You have $$ (a\mathcal H)^\perp=\ker a^*=\ker aa^*=(aa^*\mathcal H)^\perp. $$ So $[a\mathcal H]=[aa^*\mathcal H]$.

Now, from $t\,\chi_{(0,\infty)}(t)=t$ on $[0,\infty)$, you get $$ \chi_{(0,\infty)}(aa^*)\,aa^*=aa^*\,\chi_{(0,\infty)}(aa^*)=aa^*. $$ So $$ \chi_{(0,\infty)}(aa^*)\,\overline{a\mathcal H}=\chi_{(0,\infty)}(aa^*)\overline{aa^*\mathcal H}=\overline{aa^*\mathcal H}=\overline{a\mathcal H}. $$ This shows that $\chi_{(0,\infty)}(aa^*)\geq[a\mathcal H]$. Conversely, $\chi_{(0,\infty)}(aa^*)$ can be written as a limit of polynomials $p_n(aa^*)$ with $p_n(0)=0$, so $$[a\mathcal H]\,\chi_{(0,\infty)}(aa^*)=\chi_{(0,\infty)}(aa^*),$$' showing that $\chi_{(0,\infty)}(aa^*)\leq[a\mathcal H]$.

Answer 2

As @Martin Argerami suggests, we need to prove that $\chi_{(0,\infty)}(a^*a) = [aa^*\mathcal{H}]$.

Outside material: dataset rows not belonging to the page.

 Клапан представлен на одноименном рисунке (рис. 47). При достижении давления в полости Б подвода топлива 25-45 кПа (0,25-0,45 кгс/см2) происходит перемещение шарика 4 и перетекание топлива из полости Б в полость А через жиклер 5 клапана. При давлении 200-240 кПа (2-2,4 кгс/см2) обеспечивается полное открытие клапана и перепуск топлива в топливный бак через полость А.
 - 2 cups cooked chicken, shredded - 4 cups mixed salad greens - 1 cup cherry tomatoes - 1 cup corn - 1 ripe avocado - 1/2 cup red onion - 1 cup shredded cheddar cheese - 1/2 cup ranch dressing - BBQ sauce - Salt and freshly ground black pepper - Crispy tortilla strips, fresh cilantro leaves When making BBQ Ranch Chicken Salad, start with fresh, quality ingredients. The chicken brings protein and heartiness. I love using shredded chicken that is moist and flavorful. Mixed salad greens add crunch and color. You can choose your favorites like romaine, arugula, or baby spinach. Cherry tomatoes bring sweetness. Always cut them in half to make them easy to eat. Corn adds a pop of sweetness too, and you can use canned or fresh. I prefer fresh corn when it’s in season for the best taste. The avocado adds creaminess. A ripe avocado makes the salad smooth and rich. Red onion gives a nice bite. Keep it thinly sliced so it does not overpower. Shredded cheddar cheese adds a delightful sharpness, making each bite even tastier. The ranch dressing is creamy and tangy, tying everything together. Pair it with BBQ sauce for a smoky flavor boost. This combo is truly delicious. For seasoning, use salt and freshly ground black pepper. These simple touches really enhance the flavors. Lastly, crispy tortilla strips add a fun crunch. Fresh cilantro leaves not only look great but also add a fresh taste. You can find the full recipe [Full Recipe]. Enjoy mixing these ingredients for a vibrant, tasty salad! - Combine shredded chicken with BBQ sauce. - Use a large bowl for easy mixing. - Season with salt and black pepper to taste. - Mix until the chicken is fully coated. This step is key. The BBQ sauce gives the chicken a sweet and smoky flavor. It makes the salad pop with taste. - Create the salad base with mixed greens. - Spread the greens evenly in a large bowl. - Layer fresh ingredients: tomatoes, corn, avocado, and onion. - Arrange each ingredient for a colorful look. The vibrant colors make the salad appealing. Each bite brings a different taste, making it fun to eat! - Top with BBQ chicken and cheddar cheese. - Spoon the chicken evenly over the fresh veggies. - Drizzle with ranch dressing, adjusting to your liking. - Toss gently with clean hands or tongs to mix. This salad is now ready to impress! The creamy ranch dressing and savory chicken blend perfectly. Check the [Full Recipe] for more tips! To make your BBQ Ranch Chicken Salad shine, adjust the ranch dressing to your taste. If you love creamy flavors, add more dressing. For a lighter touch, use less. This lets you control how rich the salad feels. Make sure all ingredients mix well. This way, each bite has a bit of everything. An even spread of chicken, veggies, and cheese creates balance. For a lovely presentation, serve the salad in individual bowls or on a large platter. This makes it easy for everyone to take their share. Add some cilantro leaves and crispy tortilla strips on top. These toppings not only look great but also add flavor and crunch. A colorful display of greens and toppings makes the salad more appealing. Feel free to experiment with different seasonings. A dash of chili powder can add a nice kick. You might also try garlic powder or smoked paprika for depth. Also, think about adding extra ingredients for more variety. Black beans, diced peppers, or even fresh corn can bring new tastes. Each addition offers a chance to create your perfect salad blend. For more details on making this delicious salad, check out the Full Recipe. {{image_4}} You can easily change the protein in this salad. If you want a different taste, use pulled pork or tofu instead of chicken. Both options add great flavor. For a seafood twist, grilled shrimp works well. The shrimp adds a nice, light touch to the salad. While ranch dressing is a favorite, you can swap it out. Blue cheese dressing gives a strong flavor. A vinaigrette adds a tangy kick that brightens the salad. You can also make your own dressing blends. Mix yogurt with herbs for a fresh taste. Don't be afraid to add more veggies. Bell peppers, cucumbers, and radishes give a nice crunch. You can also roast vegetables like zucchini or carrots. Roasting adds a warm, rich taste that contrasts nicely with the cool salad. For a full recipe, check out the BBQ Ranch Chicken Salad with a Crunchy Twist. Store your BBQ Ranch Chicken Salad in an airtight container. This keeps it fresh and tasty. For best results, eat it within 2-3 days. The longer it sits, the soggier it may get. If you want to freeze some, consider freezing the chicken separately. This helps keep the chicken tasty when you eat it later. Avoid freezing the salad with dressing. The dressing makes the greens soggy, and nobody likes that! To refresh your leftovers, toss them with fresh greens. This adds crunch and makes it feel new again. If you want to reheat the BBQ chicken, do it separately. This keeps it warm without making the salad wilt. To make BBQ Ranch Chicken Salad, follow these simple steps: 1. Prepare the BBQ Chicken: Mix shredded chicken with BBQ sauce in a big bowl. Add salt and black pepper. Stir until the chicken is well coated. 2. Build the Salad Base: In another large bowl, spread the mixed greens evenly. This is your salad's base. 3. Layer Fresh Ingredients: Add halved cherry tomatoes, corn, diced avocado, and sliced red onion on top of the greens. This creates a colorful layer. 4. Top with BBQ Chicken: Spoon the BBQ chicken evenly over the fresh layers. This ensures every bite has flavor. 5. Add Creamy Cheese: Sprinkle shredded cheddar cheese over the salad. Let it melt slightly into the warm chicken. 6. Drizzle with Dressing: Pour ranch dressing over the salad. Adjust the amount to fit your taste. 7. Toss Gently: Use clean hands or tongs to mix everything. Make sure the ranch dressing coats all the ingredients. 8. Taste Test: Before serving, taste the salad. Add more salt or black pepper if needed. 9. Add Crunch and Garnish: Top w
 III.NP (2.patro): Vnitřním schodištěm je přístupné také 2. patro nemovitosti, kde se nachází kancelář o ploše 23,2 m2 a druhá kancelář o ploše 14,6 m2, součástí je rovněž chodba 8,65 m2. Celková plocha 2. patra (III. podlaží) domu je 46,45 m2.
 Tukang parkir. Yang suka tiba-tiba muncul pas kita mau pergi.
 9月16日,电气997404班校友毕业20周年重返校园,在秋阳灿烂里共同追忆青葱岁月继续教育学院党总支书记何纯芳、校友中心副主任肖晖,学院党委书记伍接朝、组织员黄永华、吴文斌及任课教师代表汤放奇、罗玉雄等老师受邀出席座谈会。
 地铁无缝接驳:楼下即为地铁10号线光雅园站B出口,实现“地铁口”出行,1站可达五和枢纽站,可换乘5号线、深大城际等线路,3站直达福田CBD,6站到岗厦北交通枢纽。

Since $\sigma(aa^*) \subseteq [0, \infty\rangle$ we have $$\chi_{(0,\infty)} = 1 - \chi_{\{0\}}$$ In general we have $\chi_{\{0\}}(aa^*) = [\ker aa^*]$ so $$\chi_{(0,\infty)}(aa^*) = 1(aa^*) - \chi_{\{0\}}(aa^*) = I-[\ker aa^*]= [aa^*\mathcal{H}]$$

The last equality is clear from $\mathcal{H} = \ker aa^* \oplus \overline{aa^*\mathcal{H}}$.